There was an unconscious rhythm to his movements, as if his fingers simply felt the motion of the bottle. A
large white dog, a Labrador, wandered over to the table. The dog looked expectantly at the empty chair opposite
Tom. The animal’s tongue lolled out of its mouth and sprayed drool over the table and the chair. “What about
her?” Tom finally asked, his head still slumped forward, his eyes still looking at his hands. It was the first time
Alisa had ever seen him actively dominate over anyone else, including his employees and even the headhunters
he hired to find his successors, who were either found or died bitter and angry after the process started. Alisa
had been working on her article for several days and tried to come up with a clever opening sentence that would
indicate the genius and importance of Danielle, the subject. She had trouble getting the tone right.
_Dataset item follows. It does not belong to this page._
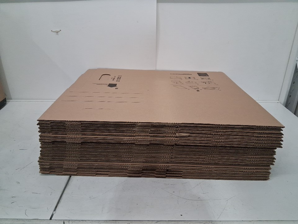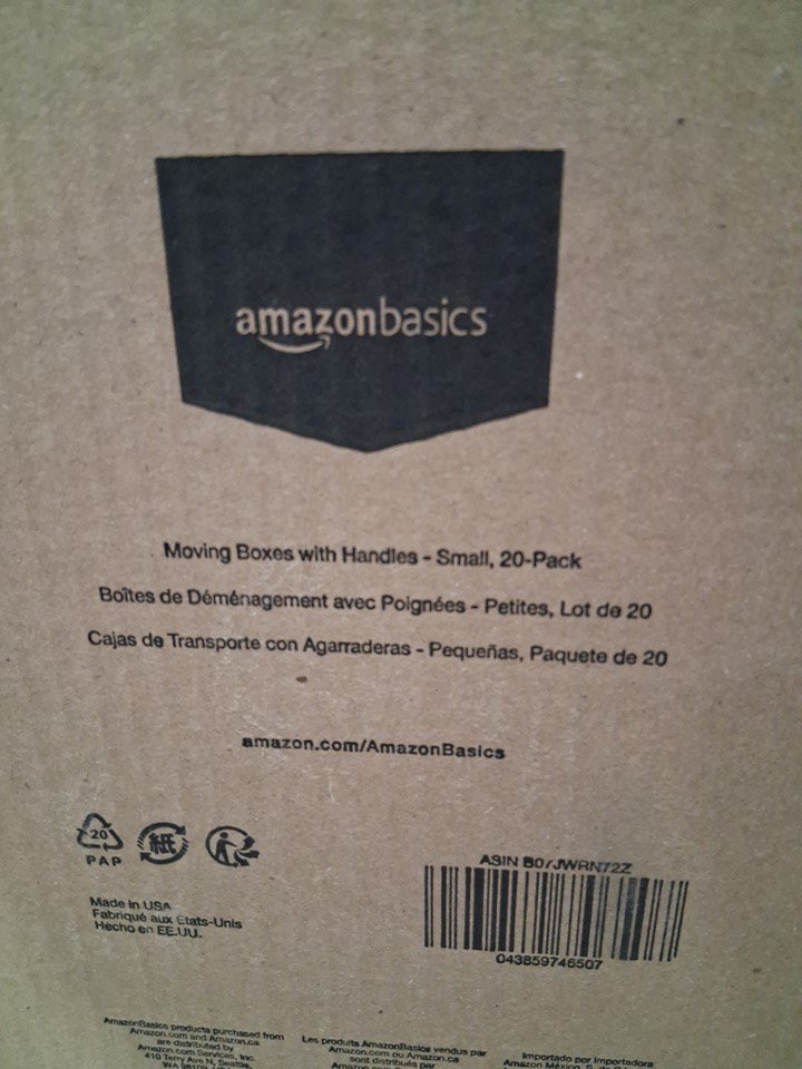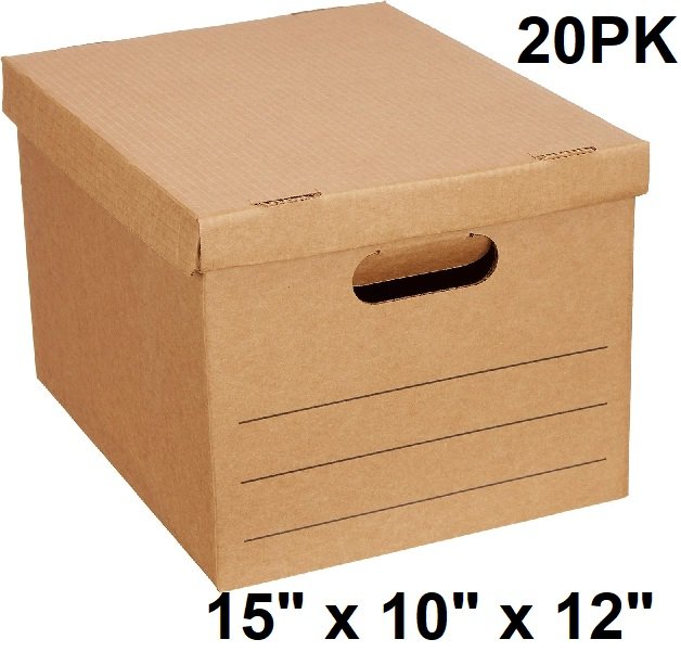 20pk amazon basics Moving Boxes with Lid and Handles - small 15" x 10" x 12" - brown

For a while
she considered the idea of writing a scathing article about the anti-personnel mine she had come across the
previous week, something along the lines of; “An anti-personnel mine is a simple device, with a mixture of
plastic and metal, designed to kill a man or his fellows. They are usually constructed by the most desperate of
terrorists – and when the mines are triggered, they eject a lethal spray of metal fragments into the victim.” Then
she thought about writing a more honest and revealing piece, something like; “I found myself in the most
desperate of situations, faced with the horrifying prospect of tracking down a terrorist group that had taken
dozens of innocent lives.” She couldn’t get the tone right. In the end she decided to go for honest and a little bit
of ridicule. She decided on this line; “In these days of post-September 11th ramping up of defense spending,
Danielle Mellow’s job badge reads like a technologist’s wet dream. It is a new field, the mining industry, and
she is the shining star of it.” She tried pronouncing the words and deciding on her timing. Other women she had
worked with in TV news had told her that the biggest secret was to take their time. The key to great journalism,
they said, was always to speak slowly.